*WHAT TO DO*.
Copy out exactly, from the entries that follow, the line holding "点击登录并申请(需要一个注册", the line holding "Con formato 16x23", and all lines between them, but no pictures.

*MATERIAL SUPPLIED*.
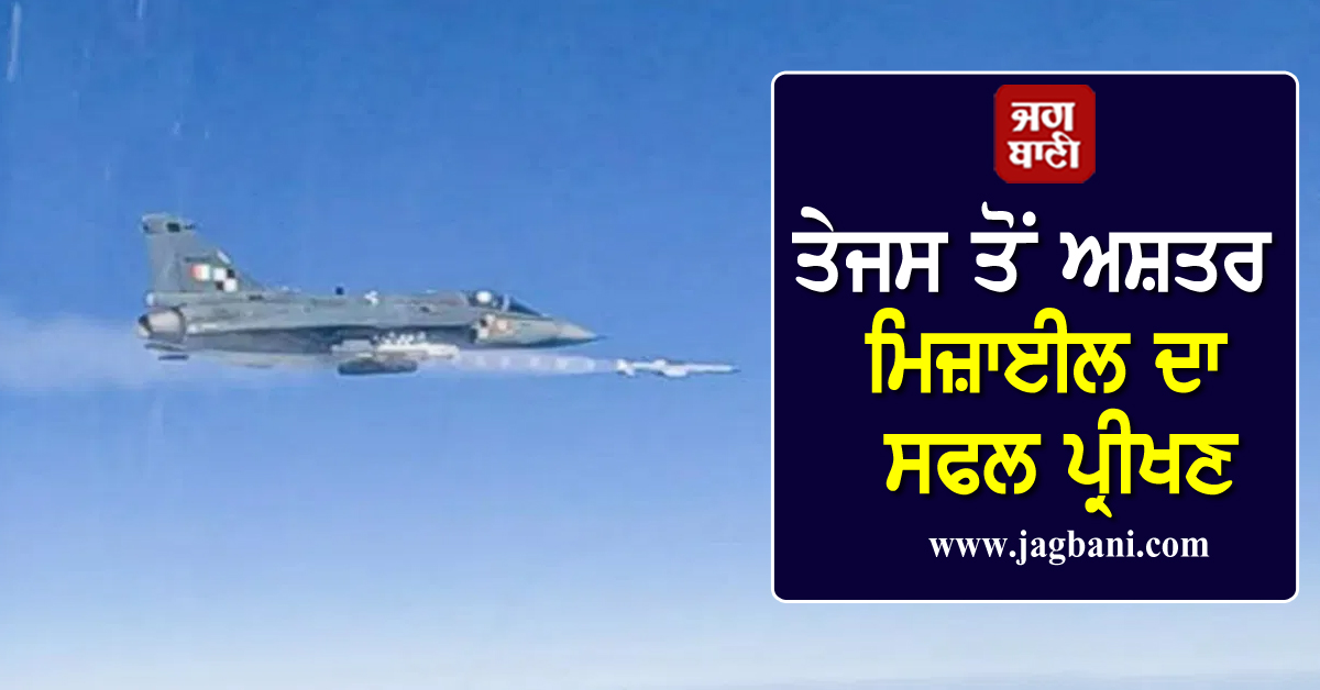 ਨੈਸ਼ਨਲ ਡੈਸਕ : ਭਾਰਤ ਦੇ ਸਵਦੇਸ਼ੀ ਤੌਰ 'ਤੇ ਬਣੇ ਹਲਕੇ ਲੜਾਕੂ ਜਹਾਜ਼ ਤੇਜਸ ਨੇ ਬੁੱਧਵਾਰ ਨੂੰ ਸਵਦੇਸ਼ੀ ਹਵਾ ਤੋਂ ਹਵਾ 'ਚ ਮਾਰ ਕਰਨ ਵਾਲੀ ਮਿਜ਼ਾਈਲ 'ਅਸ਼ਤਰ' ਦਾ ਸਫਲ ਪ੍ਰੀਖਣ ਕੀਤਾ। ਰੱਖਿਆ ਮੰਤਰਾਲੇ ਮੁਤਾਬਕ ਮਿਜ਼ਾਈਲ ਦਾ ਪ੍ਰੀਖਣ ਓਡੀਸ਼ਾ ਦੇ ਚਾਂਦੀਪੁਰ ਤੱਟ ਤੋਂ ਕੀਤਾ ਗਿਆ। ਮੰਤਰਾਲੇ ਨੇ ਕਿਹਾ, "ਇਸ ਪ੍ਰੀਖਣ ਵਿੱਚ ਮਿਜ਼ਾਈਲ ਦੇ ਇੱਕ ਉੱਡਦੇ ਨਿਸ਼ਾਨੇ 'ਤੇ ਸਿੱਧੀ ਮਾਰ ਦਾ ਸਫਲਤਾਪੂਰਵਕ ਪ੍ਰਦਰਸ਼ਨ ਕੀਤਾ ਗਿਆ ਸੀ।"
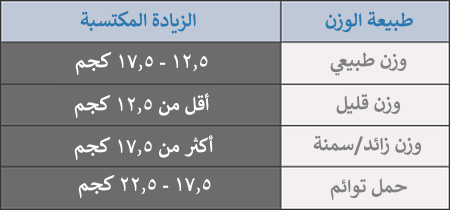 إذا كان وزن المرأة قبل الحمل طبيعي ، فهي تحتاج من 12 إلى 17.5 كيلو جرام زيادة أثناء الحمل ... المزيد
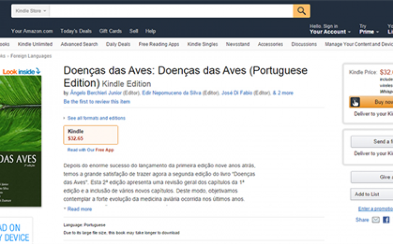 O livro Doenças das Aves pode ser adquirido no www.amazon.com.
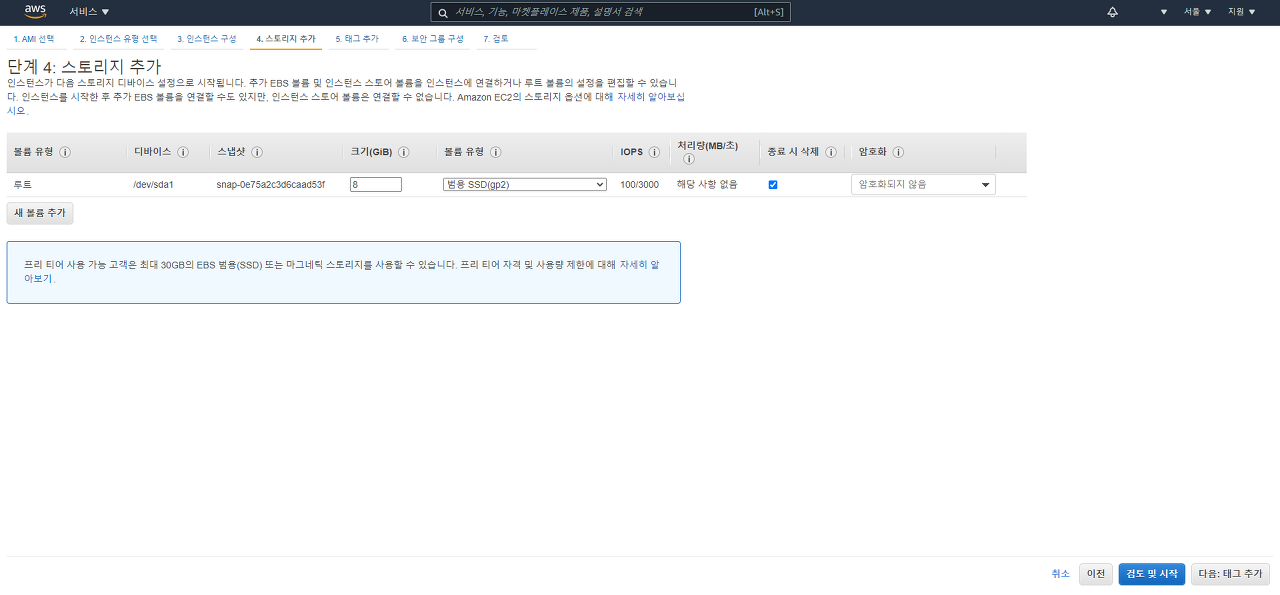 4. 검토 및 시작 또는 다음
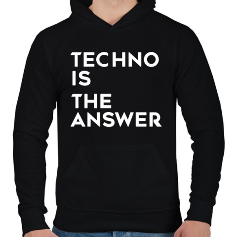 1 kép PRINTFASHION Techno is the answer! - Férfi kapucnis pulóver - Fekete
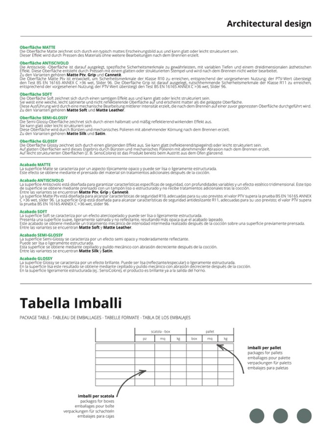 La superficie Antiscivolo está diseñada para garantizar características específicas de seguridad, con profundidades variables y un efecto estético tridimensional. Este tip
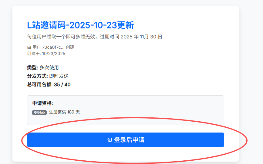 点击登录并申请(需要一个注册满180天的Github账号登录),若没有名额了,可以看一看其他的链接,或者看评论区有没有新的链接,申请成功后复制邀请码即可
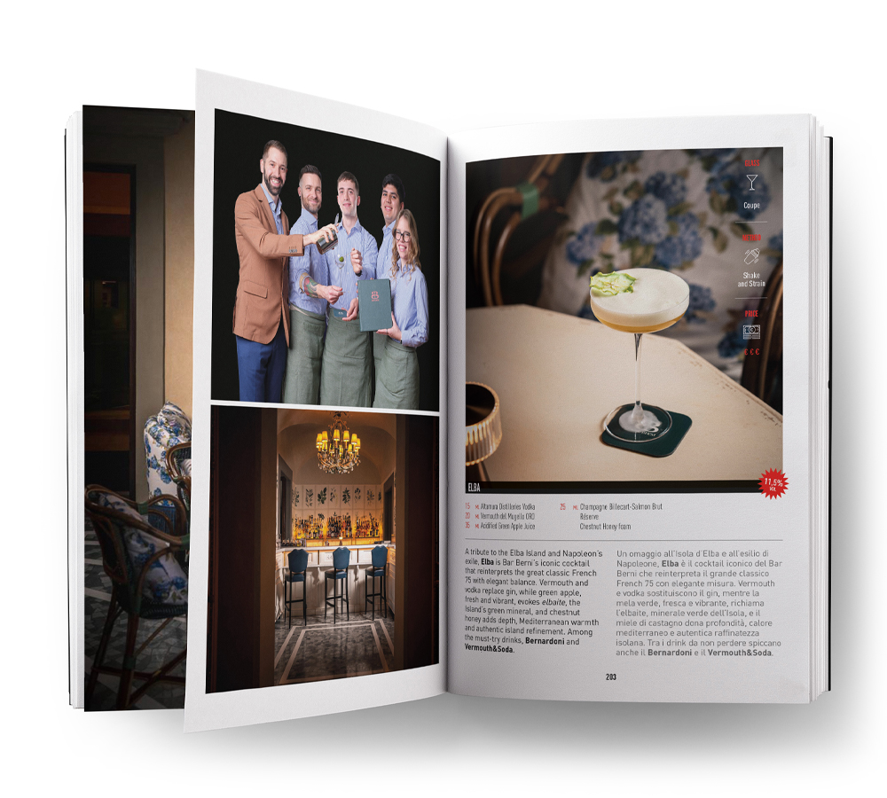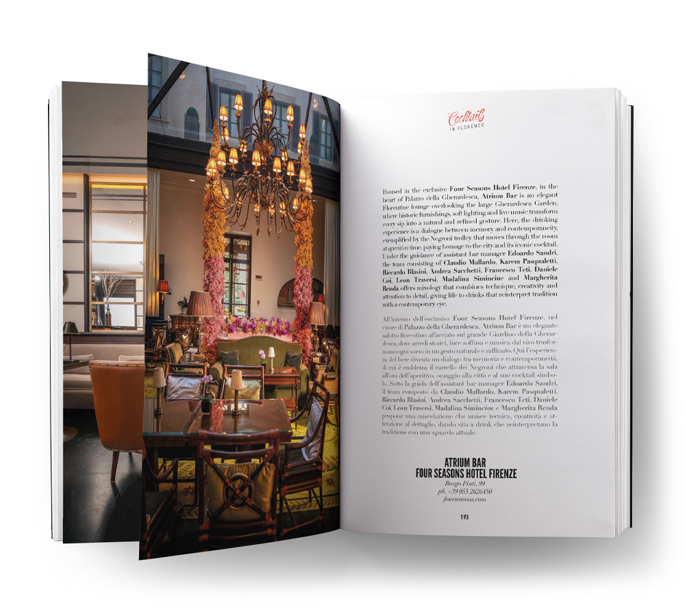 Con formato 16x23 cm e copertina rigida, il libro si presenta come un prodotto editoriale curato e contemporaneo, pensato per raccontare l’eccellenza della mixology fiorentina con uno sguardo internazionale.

==

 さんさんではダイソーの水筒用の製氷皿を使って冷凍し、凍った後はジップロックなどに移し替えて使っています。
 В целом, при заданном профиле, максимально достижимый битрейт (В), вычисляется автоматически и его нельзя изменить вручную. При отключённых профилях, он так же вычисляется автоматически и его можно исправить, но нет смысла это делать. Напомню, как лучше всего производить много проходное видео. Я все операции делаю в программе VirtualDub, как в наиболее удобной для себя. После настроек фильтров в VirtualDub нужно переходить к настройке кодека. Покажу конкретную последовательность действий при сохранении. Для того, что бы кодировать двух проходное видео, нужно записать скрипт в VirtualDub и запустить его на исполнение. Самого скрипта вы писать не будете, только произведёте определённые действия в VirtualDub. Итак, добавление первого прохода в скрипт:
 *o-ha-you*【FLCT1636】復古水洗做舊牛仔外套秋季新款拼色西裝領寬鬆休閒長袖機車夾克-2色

*YOUR SOLUTION*.
 点击登录并申请(需要一个注册满180天的Github账号登录),若没有名额了,可以看一看其他的链接,或者看评论区有没有新的链接,申请成功后复制邀请码即可
 Con formato 16x23 cm e copertina rigida, il libro si presenta come un prodotto editoriale curato e contemporaneo, pensato per raccontare l’eccellenza della mixology fiorentina con uno sguardo internazionale.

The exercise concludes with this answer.